In fact, Nathan was in one of his good moods. His dark hair, uncut, uncombed, expressed energy and enthusiasm. Everything is terrific, everyone is wonderful. He opened the French windows and stood out on the balcony and came back in. His physical restlessness took up a lot of space. ‘This is an incredible apartment. I’m not sure I would have ditched this guy for Paul.’ He was looking at the bookshelves and touched a book with his finger and lifted it out.
‘Other people have had that thought,’ Jean called out, from the carpet.
‘It’s awful,’ Liesel said. ‘It’s all for show. A man who has an apartment like this, the way he treats women, there’s no private life, it’s all public. You don’t want to live with a man like this.’
‘What are you talking about,’ Nathan said. ‘It’s an apartment on W 83rd with a view of the park.’
‘Only if you stand out on that balcony and lean over.’
‘This is what I like about you,’ her son told her. ‘You think that you’re standing up for the people, but really what you’re saying i
s, none of this is good enough for me.’
Susie kept quiet. She knew that she couldn’t compete with Nathan in this mood. His cheerfulness refused all contradiction. But she liked watching her son, who was sitting Indian-style on the floor, next to Julie, with the crossword on his lap, so he could work on it between turns. He looked like his father, without glasses. They had the same vague friendly English boyish face, though his was paler and not so fat – with blue eyes and a weak nose, the kind you like somebody for, because it suggests self-effacement. But in fact in both father and son it meant something else, indifference, or a willingness to reserve opinions. People kept saying to Ben, ‘It’s your turn. Come on, are you playing or not?’ He was trying to think of a word and read out the clue. Julie took the newspaper away. ‘Either you play or you don’t,’ she said, and Susie saw him lift a stick from the pile. But no one was watching. It moved a little, she saw him see it move, but then he started addressing himself to the pile again, using the stick he had just picked up to lever another one away from the crowd. Julie said, suddenly, ‘What are you doing?’ and Ben said, ‘I thought it was my go.’
‘It moved.’
‘I haven’t even touched it yet.’
‘No, the last one. I saw it move.’
‘Did it?’ Ben said. ‘Okay. I didn’t notice.’

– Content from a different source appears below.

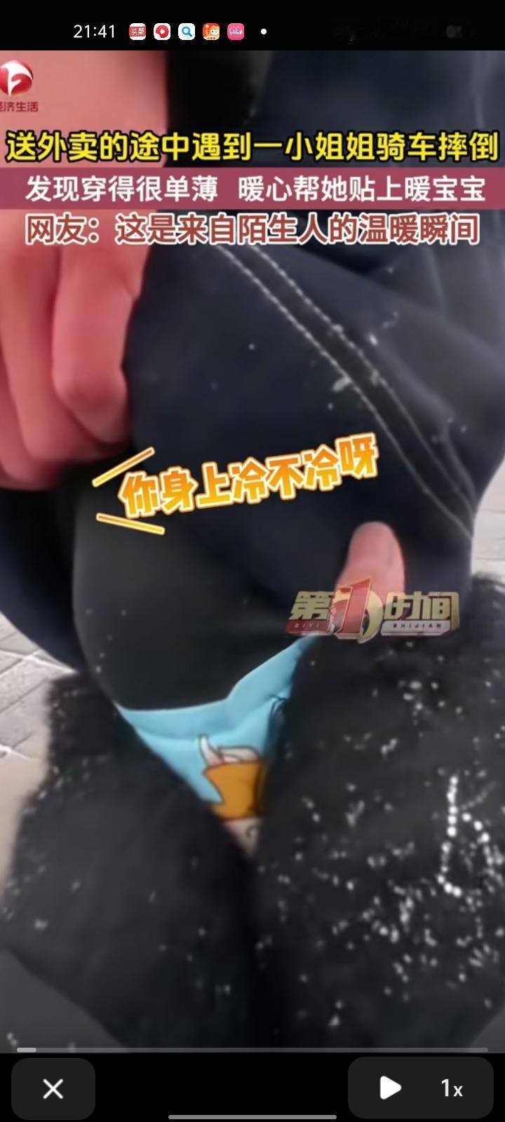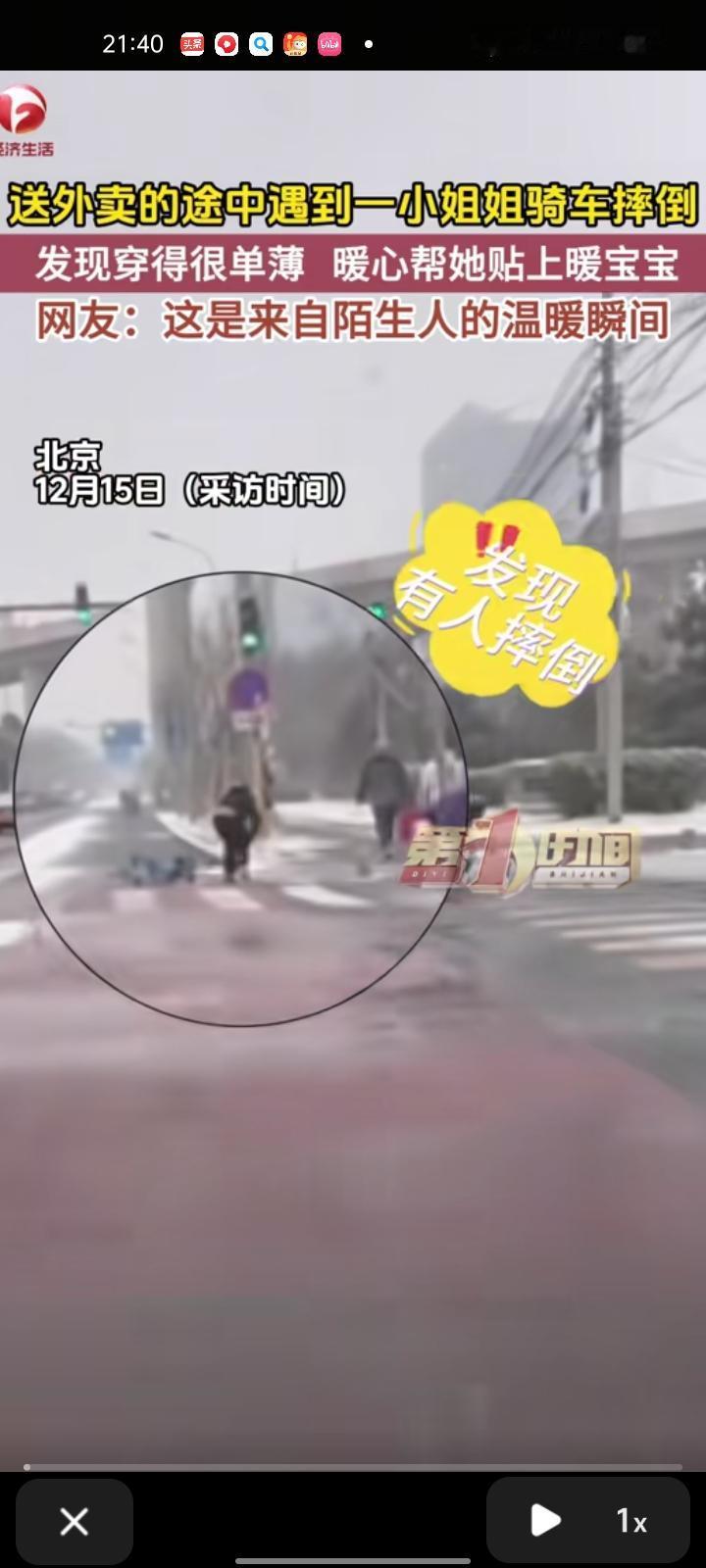12月14日,北京。外卖员送外卖途中遇到一位小姐姐骑车摔倒,发现她穿的单薄,正好想到车上有暖宝宝,就给她贴上了。后来才知道,小姐姐是要去前面的地铁站,直接给她送过去了。 当事人表示,之所以拍这条视频,是因为在送外卖途中受到别人的帮助,希望爱心能够传递。

And Liesel said, ‘You have much more appetite for this kind of place than I do. You’re more of an aristocrat than I am.’
‘No, I just know these people better than you do.’ Nathan had found one of the armchairs and started to flip through the book. ‘The people who make this kind of money usually make it for a reason, because they’re smart, serious people. Whoever bought this apartment is somebody who knows what he’s doing.’